• Data for processing:

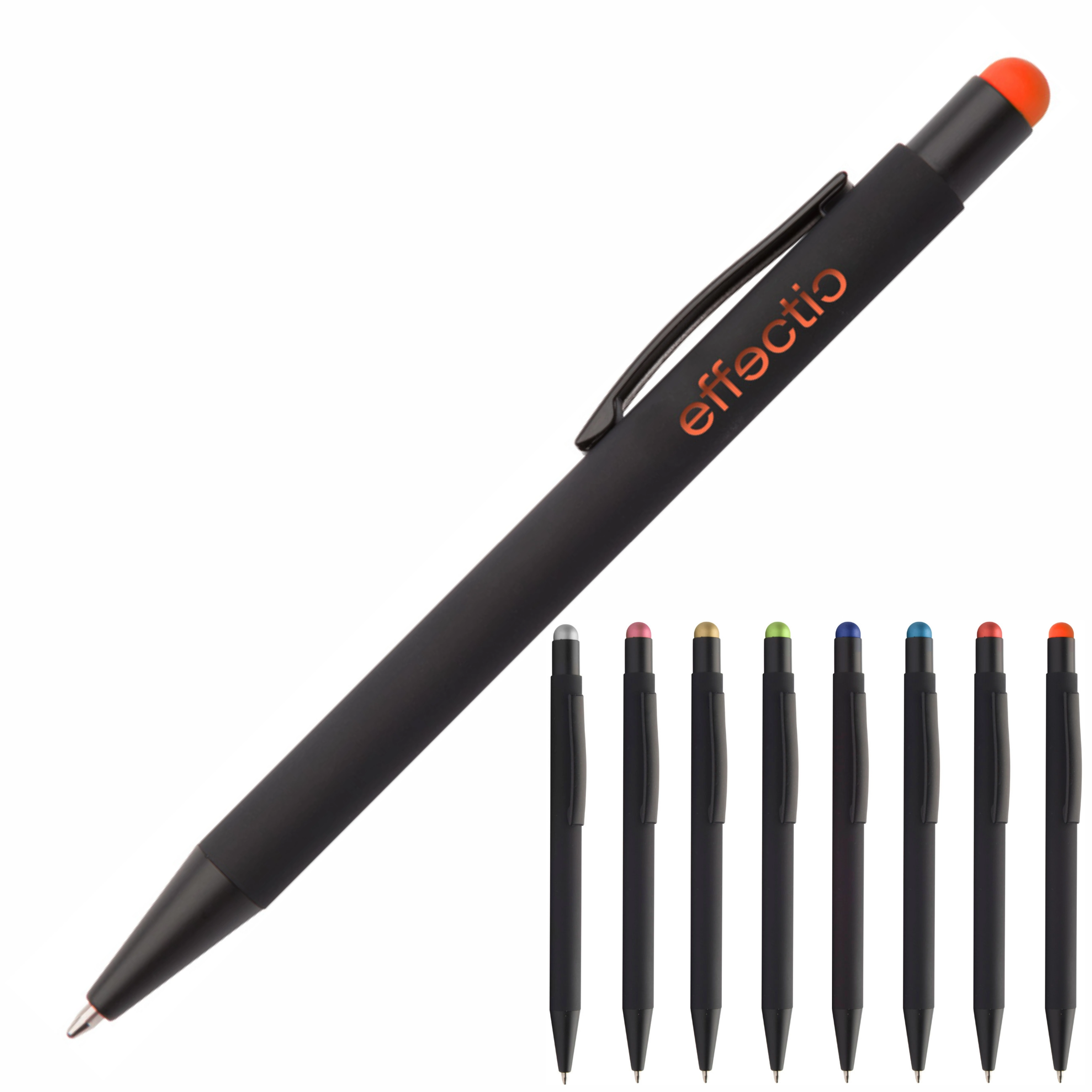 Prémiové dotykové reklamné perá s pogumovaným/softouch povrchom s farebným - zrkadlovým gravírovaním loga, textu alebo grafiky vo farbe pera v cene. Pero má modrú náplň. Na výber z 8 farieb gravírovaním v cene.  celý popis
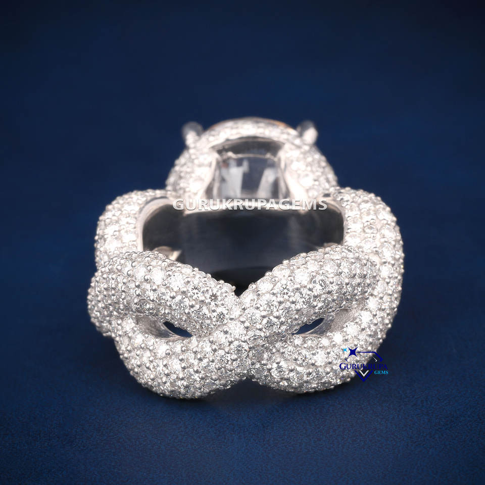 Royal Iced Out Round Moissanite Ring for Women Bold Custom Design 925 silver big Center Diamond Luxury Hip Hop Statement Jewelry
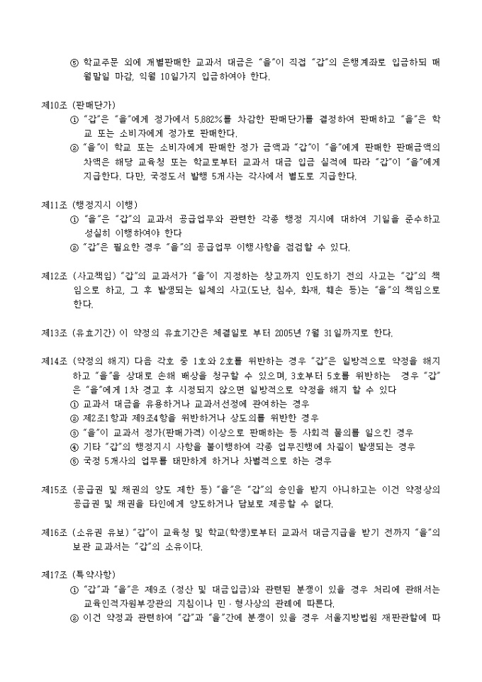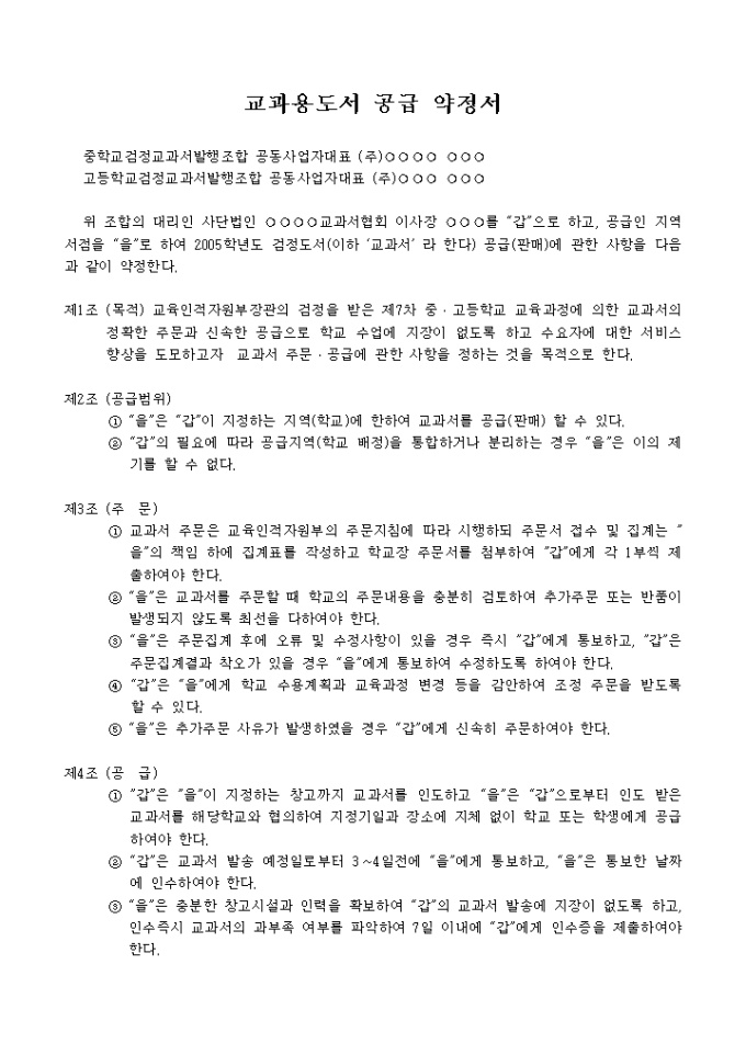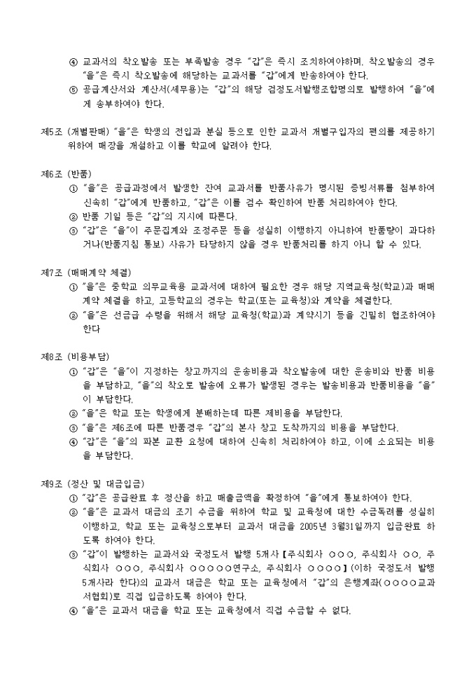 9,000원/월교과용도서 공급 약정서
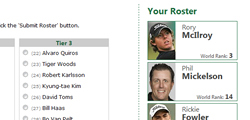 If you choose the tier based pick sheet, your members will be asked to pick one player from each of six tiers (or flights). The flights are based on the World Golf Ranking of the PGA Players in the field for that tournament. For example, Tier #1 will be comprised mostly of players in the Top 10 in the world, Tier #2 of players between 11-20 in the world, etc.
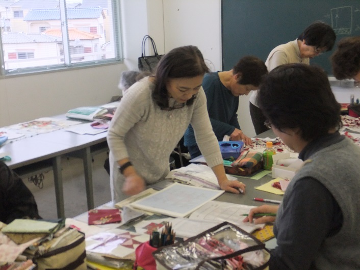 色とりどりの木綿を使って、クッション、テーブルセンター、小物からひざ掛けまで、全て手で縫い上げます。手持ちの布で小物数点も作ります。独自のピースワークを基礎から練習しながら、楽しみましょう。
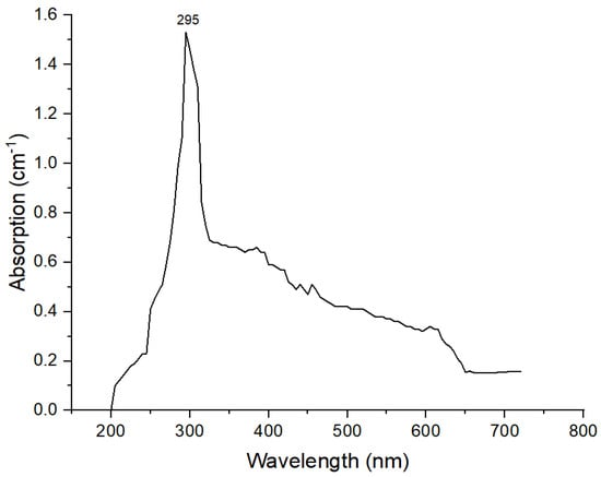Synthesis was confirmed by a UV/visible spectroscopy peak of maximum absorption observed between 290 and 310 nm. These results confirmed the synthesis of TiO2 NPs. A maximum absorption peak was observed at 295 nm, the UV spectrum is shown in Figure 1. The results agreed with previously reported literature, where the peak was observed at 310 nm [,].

==

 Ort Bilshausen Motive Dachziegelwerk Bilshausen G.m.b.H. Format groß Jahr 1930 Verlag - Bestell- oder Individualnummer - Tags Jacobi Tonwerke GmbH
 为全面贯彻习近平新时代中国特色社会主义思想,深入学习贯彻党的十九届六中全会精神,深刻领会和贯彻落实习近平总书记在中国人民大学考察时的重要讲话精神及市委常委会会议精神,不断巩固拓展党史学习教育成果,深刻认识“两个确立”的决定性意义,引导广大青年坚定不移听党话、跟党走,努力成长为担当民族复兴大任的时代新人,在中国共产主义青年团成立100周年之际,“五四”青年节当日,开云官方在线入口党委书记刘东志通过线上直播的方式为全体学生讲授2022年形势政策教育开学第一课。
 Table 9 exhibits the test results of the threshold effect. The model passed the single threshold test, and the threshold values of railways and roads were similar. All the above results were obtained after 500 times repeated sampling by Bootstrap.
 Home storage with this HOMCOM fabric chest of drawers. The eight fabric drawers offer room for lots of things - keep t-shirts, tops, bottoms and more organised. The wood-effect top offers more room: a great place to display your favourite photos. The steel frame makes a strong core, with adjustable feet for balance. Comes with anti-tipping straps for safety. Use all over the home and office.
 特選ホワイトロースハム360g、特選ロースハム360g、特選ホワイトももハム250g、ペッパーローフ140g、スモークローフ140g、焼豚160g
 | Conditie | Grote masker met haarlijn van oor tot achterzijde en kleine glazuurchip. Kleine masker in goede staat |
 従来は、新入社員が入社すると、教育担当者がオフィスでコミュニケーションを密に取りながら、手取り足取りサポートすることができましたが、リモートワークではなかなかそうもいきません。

• Prompt:
Your reply should hold nothing but the lines above, from the one containing "Prémiové dotykové reklamné" to the one containing "9,000원/월교과용도서 공급 약정서", reproduced exactly minus the pictures.

• Result:
 Prémiové dotykové reklamné perá s pogumovaným/softouch povrchom s farebným - zrkadlovým gravírovaním loga, textu alebo grafiky vo farbe pera v cene. Pero má modrú náplň. Na výber z 8 farieb gravírovaním v cene.  celý popis
 Royal Iced Out Round Moissanite Ring for Women Bold Custom Design 925 silver big Center Diamond Luxury Hip Hop Statement Jewelry
 9,000원/월교과용도서 공급 약정서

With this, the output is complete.